S2 Fig. Related to Fig 2.

Myotilin binds to F-actin via Ig domains and disordered flanking regions and influences its dynamics. (A and B) Binding of various myotilin constructs to F-actin in conditions B1 (A) or conditions B2 (B). The exponential binding curves fitted for each set of data points were used to determine apparent binding affinities shown in Fig 2A. Plotted values represent the mean ± SEM from 3 to 5 independent experiments. (C) Melting temperature (Tm) of Trx-MYOT in various buffers as assessed by DSF assay (for details, see Materials and methods). The pH of each buffer (blue rectangle) is indicated. Tm max (violet) denotes the buffer conditions in which Tm of Trx-MYOT was the highest (100 mM MES, pH 5.5). Brown line indicates Tm in the standard buffer (100 mM Tris, pH 8.0). Note trend in increasing the stability of Trx-MYOT by lowering the pH. (D) Structural analysis of the functional (F-actin binding) sites on various Ig domains. Top panel: Basic amino acid residues with surface-exposed sidechains are shown as sticks (cyan).
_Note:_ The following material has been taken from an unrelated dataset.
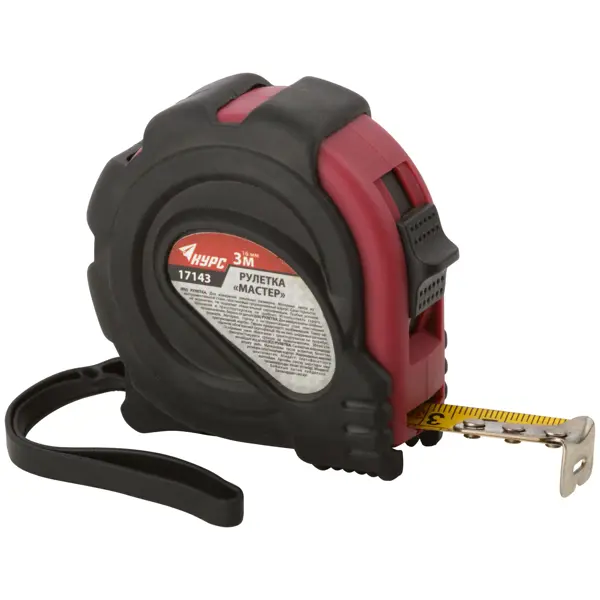 Рулетка Курс 17143 с прорезиненным корпусом, 3 м x 16 мм

For palladin and filamin A, this region corresponds to the F-actin binding region. Bottom panel: The functionally important residues as predicted by evolutionary coupling analysis and folding server EVfold [30] are shown as spheres and coincide with the residues shown in the top panel on the lateral sides of the Ig domains. More intense (darker) color depicts a higher probability that the residue represents a functional site. (E) Binding of various myotilin constructs and control (GST) to fluorescently labeled monomeric DVD-actin measured by MST. (F) Table of the constructs and their affinity to DVD-actin obtained from the data shown in (E). Data points that were used to create graphs are reported in S2 Data. DSF, differential scanning fluorimetry; MST, microscale thermophoresis; Trx, thioredoxin.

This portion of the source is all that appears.